HCC is heterogeneous and classified into four Barcelona Clinic Liver Cancer (BCLC) stages (BCLC-A: early HCC, BCLC-B: intermediate HCC, BCLC-C: advanced HCC, BCLC-D: terminal HCC) for optimal clinical management using the staging depending on tumour burden, liver function (Child–Pugh score), and overall health [6, 7]. HCC is routinely diagnosed by blood tests (alanine transaminase [ALT], aspartate transaminase [AST], total bilirubin and direct bilirubin), liver biopsy, imaging, and serum alpha-fetoprotein (AFP) and albumin levels. HCC is heterogeneous, which is associated with poor prognostic outcomes because it is more difficult to diagnose accurately. Heterogeneity of HCC tumours are known to occur at different levels; firstly within the population and secondly within tumours of the same patient [8]. Recently, rapid progress has been made in understanding the heterogeneity of HCC by molecular subclassification using molecular and genetic markers [9]. HCC tumours are divided into two major phenotypic classes: the proliferation class and the non-proliferation class [10, 11], which have been identified on the basis of transcriptomic dysregulations and genetic alterations closely related to risk factors, pathologic features, and prognosis. This proliferation class is associated with HBV infection and has a poor clinical outcome. These are also subdivided into several molecular subclasses based on transcriptional profile, as discussed in extensively in several articles [11,12,13,14,15,16]. This classification would allow identification of predictive biomarkers and facilitate targeted treatments.

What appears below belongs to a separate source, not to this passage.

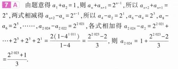 7.(2024山东潍坊一模,4)已知数列$\{ a_{n}\}$满足$a_{1}=0,a_{2}=1$.若数列$\{ a_{n}+a_{n + 1}\}$是公比为2的等比数列,则$a_{2024}=$( )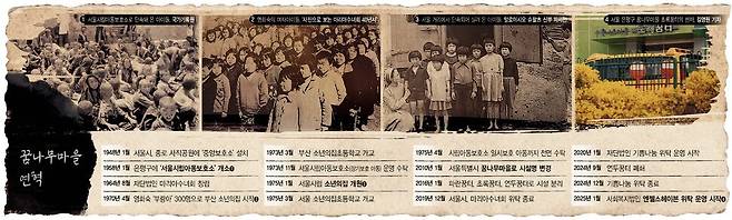 시립아동보호소 시절 최고 2328명(1966년)까지 인원이 치솟았다. 만성적 과밀 수용 상태(정원 1천명)였던 보호소는 아동 중에서 ‘통장’과 ‘실장’을 뽑아 통제했다. ‘부랑아 수용 시대’의 흔적은 ‘양육과 돌봄의 시대’에도 말끔히 지워지지 않았다. 10년 전 꿈나무마을에선 그 역할을 ‘형’이 대신했다. (2회 ‘밖이 알려준 것’에서 계속)

The pathogenesis of HCC is a multistep process involving progressive accumulation of genetic alterations in distinct oncogenes. Progression of HCC begins with chronic inflammation caused by viral (HBV, HCV) or non-viral factors that are known to alter the liver microenvironment. As a result, the liver cells increase the production of cytokines, reactive oxygen and nitrogen species that mediate liver injury and trigger the liver's regenerative response. This regeneration predisposes the hepatocyte cells to a variety of genetic alterations at the genomic and transcriptional levels leading to HCC [17,18,19,20]. The most commonly altered genetic variants in HCC include mutations of the TERT promoter, CTNNB1, TP53, RB1, CCNA2, CCNE1, PTEN, ARID1A, ARID2, RPS6KA3 or NFE2L2, CCND1, FGF19, VEGFA, MYC and MET [21, 22], leading to changes in TERT, Wnt/β-catenin, p53/p21 and RB1, AKT-mTOR, RAS-MAPK, VEGF/VEGFR, MET, IGF, ARID1A/ARID1B/ARID2 pathways. Understanding the pathways and genes in HCC plays an important role in cancer prognosis and prediction of treatment success through stratification of cases for personalized treatment.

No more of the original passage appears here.